• TO DO: For this exercise, return only the lines in the records below from the one holding "The TS-251B performs" through the one holding "Anggota Pos Pengamanan", including both, exactly as they appear and without pictures.

• STORED DATA:
==*==

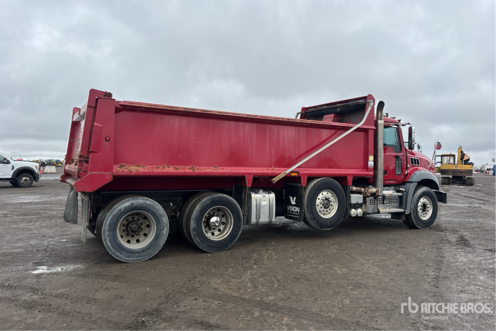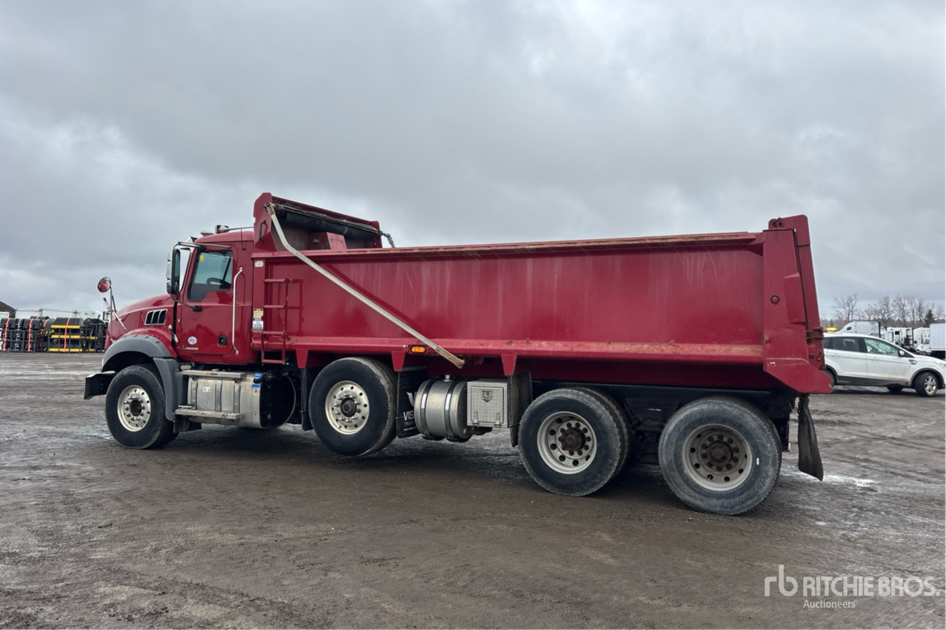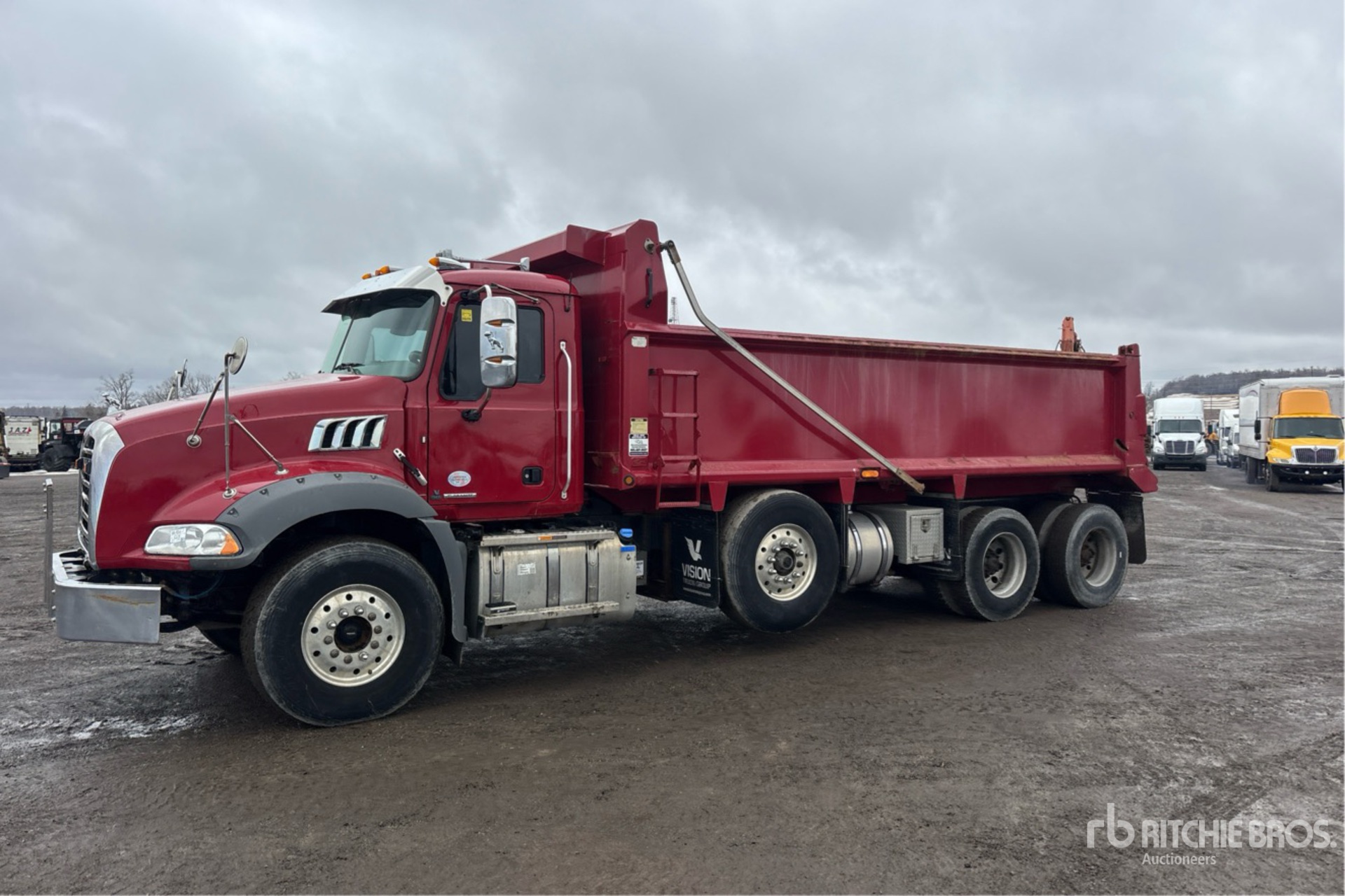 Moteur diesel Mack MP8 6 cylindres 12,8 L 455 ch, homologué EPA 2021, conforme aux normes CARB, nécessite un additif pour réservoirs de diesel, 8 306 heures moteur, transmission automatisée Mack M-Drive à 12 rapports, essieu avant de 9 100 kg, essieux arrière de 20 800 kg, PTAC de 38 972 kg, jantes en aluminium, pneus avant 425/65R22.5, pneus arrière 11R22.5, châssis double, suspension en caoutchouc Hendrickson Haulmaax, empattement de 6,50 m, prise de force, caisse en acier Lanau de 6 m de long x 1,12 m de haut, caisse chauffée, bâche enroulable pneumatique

==*==

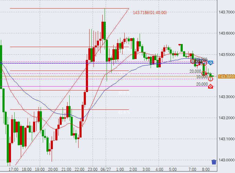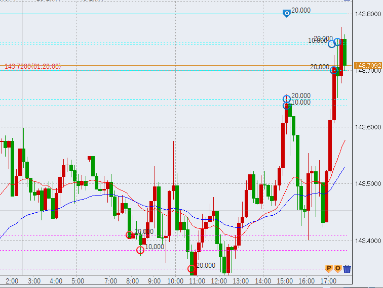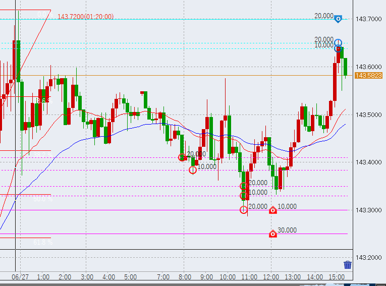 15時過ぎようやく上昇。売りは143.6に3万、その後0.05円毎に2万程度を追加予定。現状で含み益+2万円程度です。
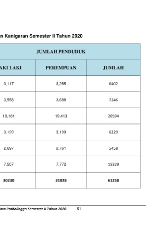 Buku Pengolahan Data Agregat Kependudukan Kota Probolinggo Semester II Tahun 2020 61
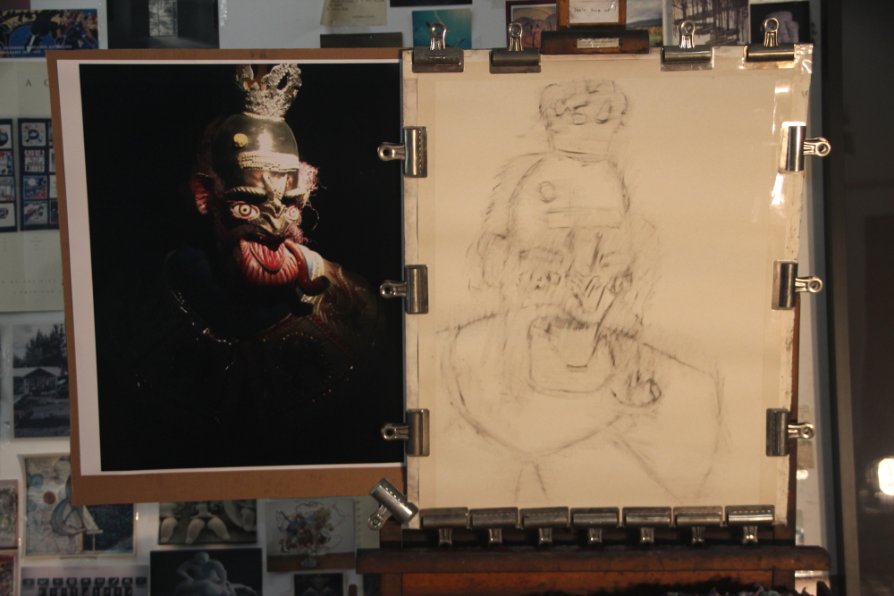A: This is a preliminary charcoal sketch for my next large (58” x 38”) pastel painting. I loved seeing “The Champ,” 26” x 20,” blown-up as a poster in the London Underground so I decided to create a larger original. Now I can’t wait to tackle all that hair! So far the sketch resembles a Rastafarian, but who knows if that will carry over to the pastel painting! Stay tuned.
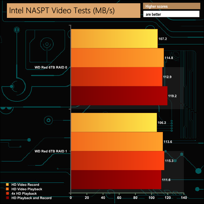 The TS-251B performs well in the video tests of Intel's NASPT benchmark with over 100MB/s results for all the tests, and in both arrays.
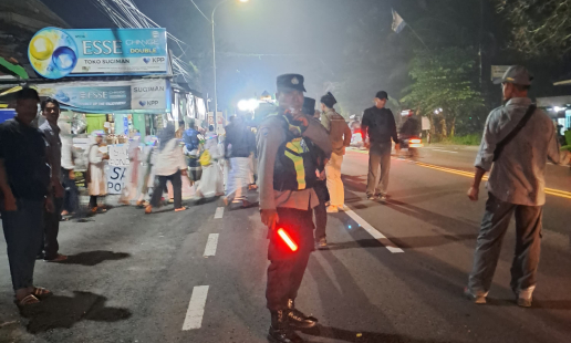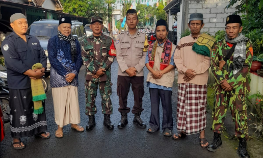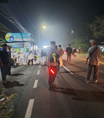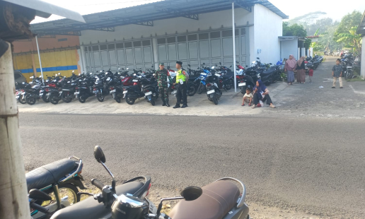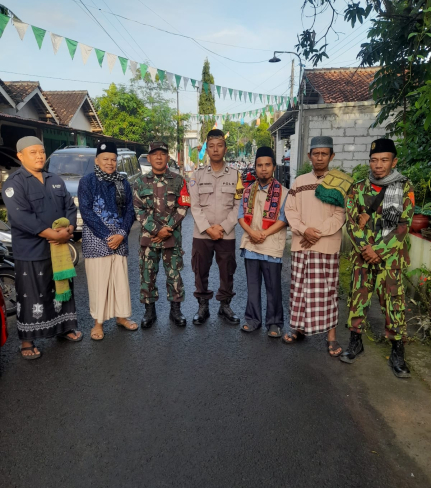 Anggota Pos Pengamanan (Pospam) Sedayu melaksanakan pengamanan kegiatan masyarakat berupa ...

==*==

• YOUR RESPONSE:
 The TS-251B performs well in the video tests of Intel's NASPT benchmark with over 100MB/s results for all the tests, and in both arrays.
 Anggota Pos Pengamanan (Pospam) Sedayu melaksanakan pengamanan kegiatan masyarakat berupa ...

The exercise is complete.